DESCRIPTION OF THE TASK.
Leave out the pictures and set down the rest of the listing below word for word.

PROVIDED DATA.
┄┄┄┄┄┄
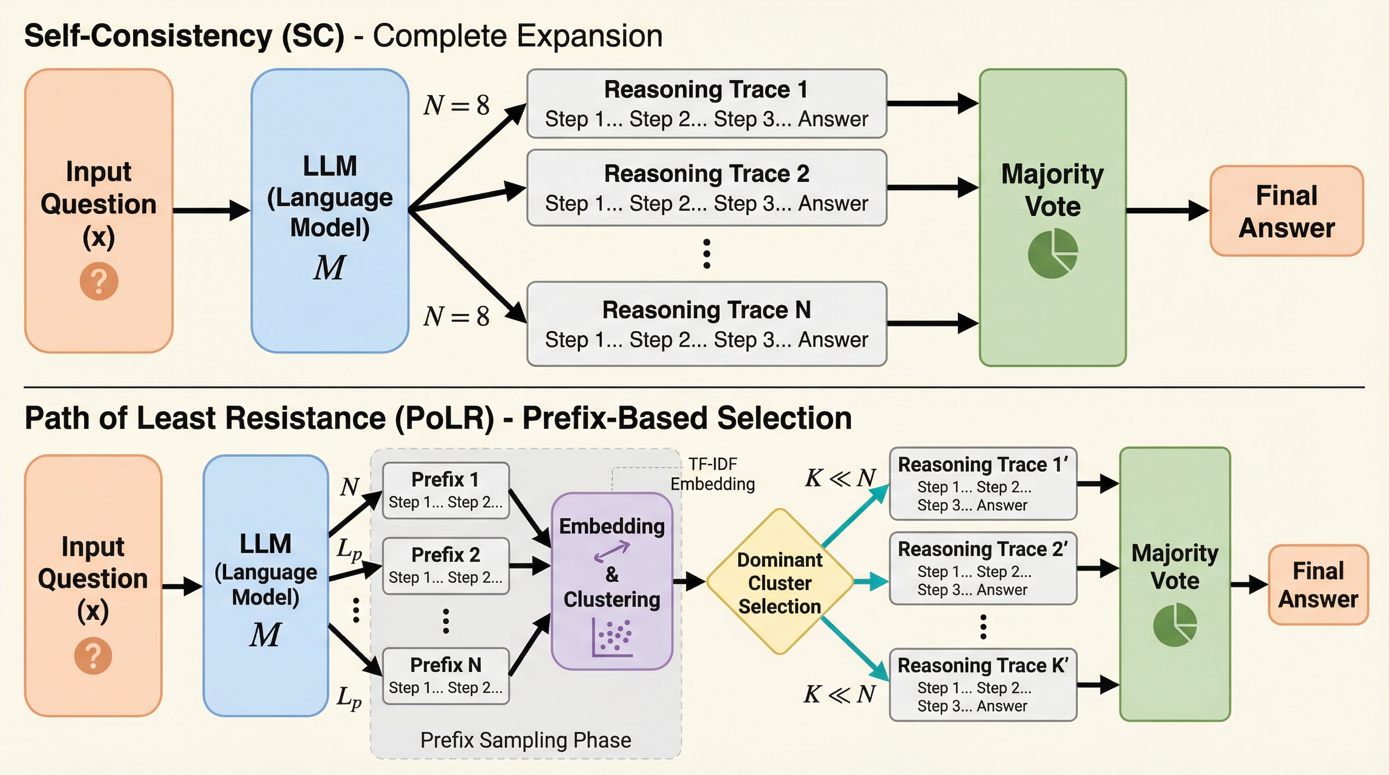 PoLR(Path of Least Resistance)は、大規模言語モデル(LLM)の推論コストを劇的に削減するために開発された、推論時に適用可能な新しいアルゴリズムである。従来のSelf-Consistency(SC)がすべての推論経路を最後まで生成して計算資源を浪費するのに対し、本手法は初期の短い断片(プレフィックス)を生成した段階でクラスタリングを行い、最も有力なグループのみを拡張することで無駄な計算を排除する。 数学や科学などの多様なベンチマークにおいて、SCと同等以上の精度を維持しながら、トークン使用量を最大60%、実行時間を最大50%削減することに成功しており、モデルの追加学習を必要としないドロップイン型の代替案として極めて高い実用性を持つ。 理論的な分析により、推論の初期段階には最終的な正解を予測するための強い信号が含まれていることが示されており、この「プレフィックスの一貫性」を利用することで、効率性と精度の両立を実現している。既存の適応的推論手法とも完全に補完関係にあり、それらと組み合わせることでさらなる計算資源の節約が可能となる。
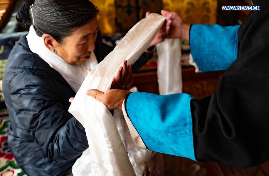 A resident presents a hada scarf to an elder to celebrate the Tibetan New Year in Lhasa, southwest China's Tibet Autonomous Region, Feb. 24, 2020. The Tibetan New Year, a traditional festival of the Tibetan ethnic minority, falls on Monday this year. China is in a tough battle against the novel coronavirus outbreak, which has claimed 2,592 lives and infected 77,150 on the Chinese mainland by the end of Feb. 23. Though Tibet only reported one confirmed case and has not seen new reports of the novel coronavirus infection for over three weeks, local authorities are still on high alert. Earlier on Feb. 19, authorities in Tibet called on citizens not to hold or participate in group activities during the Tibetan New Year. (Xinhua/Purbu Zhaxi)
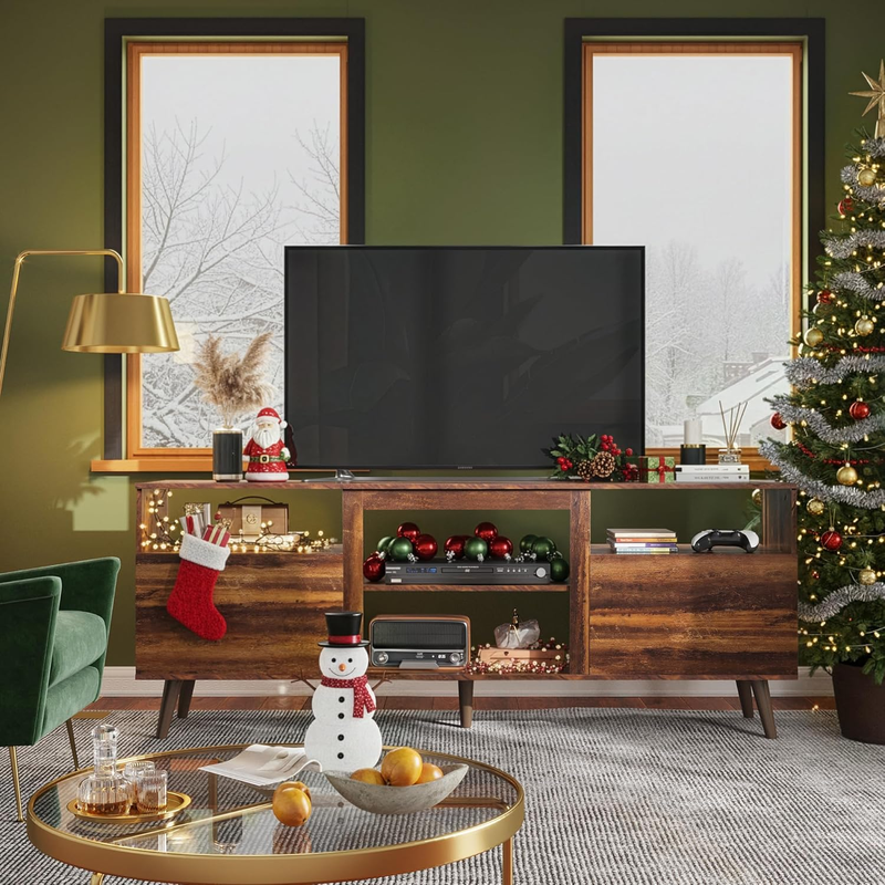 Store New Arrivals Add to Favorite View Feedback Contact TV Stand for 65 Inch TV, 58 Inch Entertainment Center with 2 Storage Cabi Description Item model number ADSG028PL Style TV stand without fireplace Top Material Type Engineered Wood Room Type Bedroom, Living Room Number of Compartments 6 Assembly Required Yes Number of Doors 2 Number of Drawers 2 Material Engineered Wood Style TV stand without fireplace Storage Options Cabinet Installation Type Freestanding Frame Material Engineered Wood Model Name ADSG028 Wood TV Stand With Leg/PL Finish Type Polished Included Components Shelves Door Style Flat Panel Item Weight 56.1 pounds Is Customizable No Number of Shelves 4 Ground To Item Distance 0.01 Inches Special Feature Adjustable Shelf, Removable Shelf, Scratch Resistant Weight Limit 110 Pounds Assembly Instructions Description Includes a detailed installation manual and a set of installation tools to help you easily complete the TV Console. Number of Levels 3 Mounting Type Floor Mount Color Retro Brown Shape Rectangular Base Type Legs Back Material Type Engineered Wood Product Dimensions 15.7"D x 58.3"W x 25.4"H Size Onesize ?Perfect Fit for Large TVs?Generously sized to accommodate most 55 to 65-inch televisions. The reinforced top panel is built to securely hold up to 150 lbs, providing a sturdy and reliable base for your valuable electronics ?Ample Intelligent Storage?Keep your space tidy and organized. Features two spacious cabinets and a 3-level adjustable shelf behind the doors, offering flexible storage for media consoles, gaming gear, books, and more. Say goodbye to tangled wires with specially designed cable management holes for a clean, clutter-free look ?Timeless Mid-Century Design?Enhance your decor with this stylish retro-brown entertainment center. Its classic modern design, characterized by clean lines and elegant five-leg support, adds a touch of sophisticated craftsmanship to any room ?Built to Last with Durable MDF?Crafted from high-quality, engineered wood (MDF), this TV cabinet promises long-lasting durability and resilience. It?s a beautiful piece designed for everyday use ?Hassle-Free Assembly Support?We?ve made setup straightforward. The package includes all necessary tools, hardware, and clear, step-by-step instructions. Should you have any questions, our responsive customer service team is ready to assist you Product description ABOUT US We offer the best prices around on high quality products. Our E-store includes media such as books, movies, music and games while offering electronics, toys, sporting apparel, clothing, tools, general home, garden items and more. SHIPPING We are always working hard to ensure your package arrives as soon as possible. Please understand that some factors like weather, high postal traffic, and the performance of shipping companies are outside of our control. RETURNS We offer a 30-Day Return Policy on items which you are not completely satisfied with. You have the option for a full-refund or an exchange of the item. PAYMENT We accept PayPal. CONTACT US This page content is yet to come Please ad us to your favorite seller and visit again later Thank You CUSTOMER SATISFACTION We try our very best to make sure every customer is completely satisfied. If there's a problem, message us! We're happy to help.
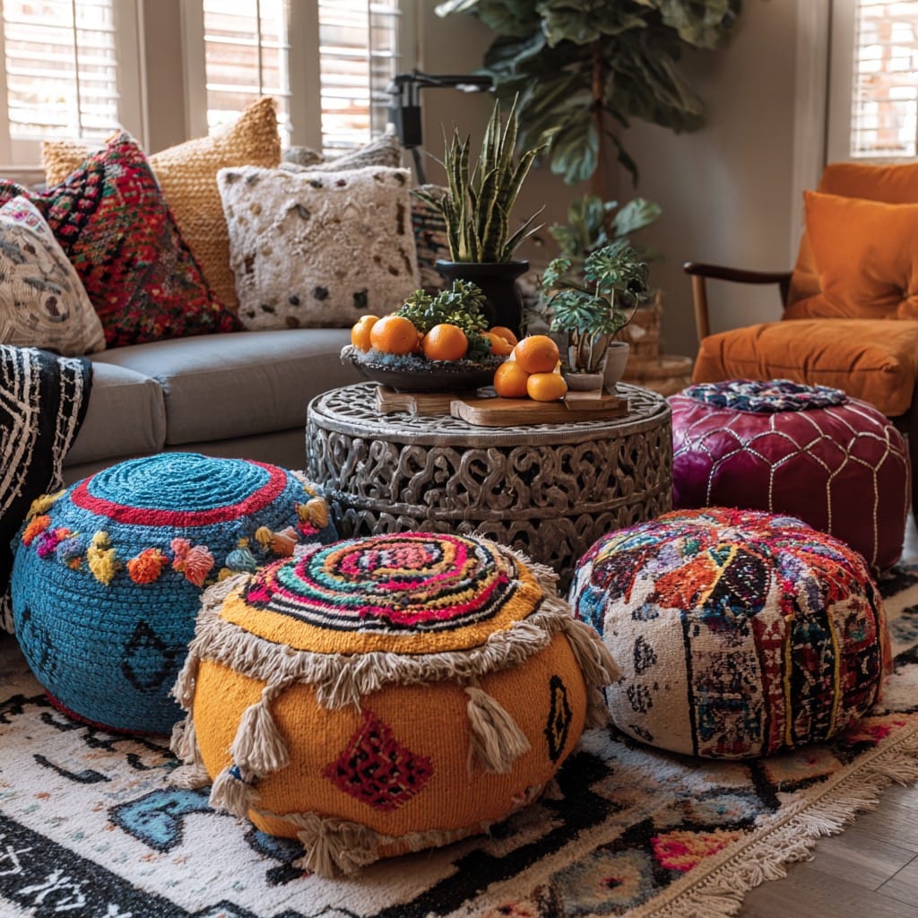 Toss a Moroccan pouf into your living room and suddenly you’ve got something that’s both useful and kind of a conversation starter. Maybe you’ll kick your feet up, maybe someone grabs it as an extra seat, or you throw a tray on top and call it a table for the night.
┄┄┄┄┄┄
EXERCISE ANSWER.
 PoLR(Path of Least Resistance)は、大規模言語モデル(LLM)の推論コストを劇的に削減するために開発された、推論時に適用可能な新しいアルゴリズムである。従来のSelf-Consistency(SC)がすべての推論経路を最後まで生成して計算資源を浪費するのに対し、本手法は初期の短い断片(プレフィックス)を生成した段階でクラスタリングを行い、最も有力なグループのみを拡張することで無駄な計算を排除する。 数学や科学などの多様なベンチマークにおいて、SCと同等以上の精度を維持しながら、トークン使用量を最大60%、実行時間を最大50%削減することに成功しており、モデルの追加学習を必要としないドロップイン型の代替案として極めて高い実用性を持つ。 理論的な分析により、推論の初期段階には最終的な正解を予測するための強い信号が含まれていることが示されており、この「プレフィックスの一貫性」を利用することで、効率性と精度の両立を実現している。既存の適応的推論手法とも完全に補完関係にあり、それらと組み合わせることでさらなる計算資源の節約が可能となる。
 A resident presents a hada scarf to an elder to celebrate the Tibetan New Year in Lhasa, southwest China's Tibet Autonomous Region, Feb. 24, 2020. The Tibetan New Year, a traditional festival of the Tibetan ethnic minority, falls on Monday this year. China is in a tough battle against the novel coronavirus outbreak, which has claimed 2,592 lives and infected 77,150 on the Chinese mainland by the end of Feb. 23. Though Tibet only reported one confirmed case and has not seen new reports of the novel coronavirus infection for over three weeks, local authorities are still on high alert. Earlier on Feb. 19, authorities in Tibet called on citizens not to hold or participate in group activities during the Tibetan New Year. (Xinhua/Purbu Zhaxi)
 Store New Arrivals Add to Favorite View Feedback Contact TV Stand for 65 Inch TV, 58 Inch Entertainment Center with 2 Storage Cabi Description Item model number ADSG028PL Style TV stand without fireplace Top Material Type Engineered Wood Room Type Bedroom, Living Room Number of Compartments 6 Assembly Required Yes Number of Doors 2 Number of Drawers 2 Material Engineered Wood Style TV stand without fireplace Storage Options Cabinet Installation Type Freestanding Frame Material Engineered Wood Model Name ADSG028 Wood TV Stand With Leg/PL Finish Type Polished Included Components Shelves Door Style Flat Panel Item Weight 56.1 pounds Is Customizable No Number of Shelves 4 Ground To Item Distance 0.01 Inches Special Feature Adjustable Shelf, Removable Shelf, Scratch Resistant Weight Limit 110 Pounds Assembly Instructions Description Includes a detailed installation manual and a set of installation tools to help you easily complete the TV Console. Number of Levels 3 Mounting Type Floor Mount Color Retro Brown Shape Rectangular Base Type Legs Back Material Type Engineered Wood Product Dimensions 15.7"D x 58.3"W x 25.4"H Size Onesize ?Perfect Fit for Large TVs?Generously sized to accommodate most 55 to 65-inch televisions. The reinforced top panel is built to securely hold up to 150 lbs, providing a sturdy and reliable base for your valuable electronics ?Ample Intelligent Storage?Keep your space tidy and organized. Features two spacious cabinets and a 3-level adjustable shelf behind the doors, offering flexible storage for media consoles, gaming gear, books, and more. Say goodbye to tangled wires with specially designed cable management holes for a clean, clutter-free look ?Timeless Mid-Century Design?Enhance your decor with this stylish retro-brown entertainment center. Its classic modern design, characterized by clean lines and elegant five-leg support, adds a touch of sophisticated craftsmanship to any room ?Built to Last with Durable MDF?Crafted from high-quality, engineered wood (MDF), this TV cabinet promises long-lasting durability and resilience. It?s a beautiful piece designed for everyday use ?Hassle-Free Assembly Support?We?ve made setup straightforward. The package includes all necessary tools, hardware, and clear, step-by-step instructions. Should you have any questions, our responsive customer service team is ready to assist you Product description ABOUT US We offer the best prices around on high quality products. Our E-store includes media such as books, movies, music and games while offering electronics, toys, sporting apparel, clothing, tools, general home, garden items and more. SHIPPING We are always working hard to ensure your package arrives as soon as possible. Please understand that some factors like weather, high postal traffic, and the performance of shipping companies are outside of our control. RETURNS We offer a 30-Day Return Policy on items which you are not completely satisfied with. You have the option for a full-refund or an exchange of the item. PAYMENT We accept PayPal. CONTACT US This page content is yet to come Please ad us to your favorite seller and visit again later Thank You CUSTOMER SATISFACTION We try our very best to make sure every customer is completely satisfied. If there's a problem, message us! We're happy to help.
 Toss a Moroccan pouf into your living room and suddenly you’ve got something that’s both useful and kind of a conversation starter. Maybe you’ll kick your feet up, maybe someone grabs it as an extra seat, or you throw a tray on top and call it a table for the night.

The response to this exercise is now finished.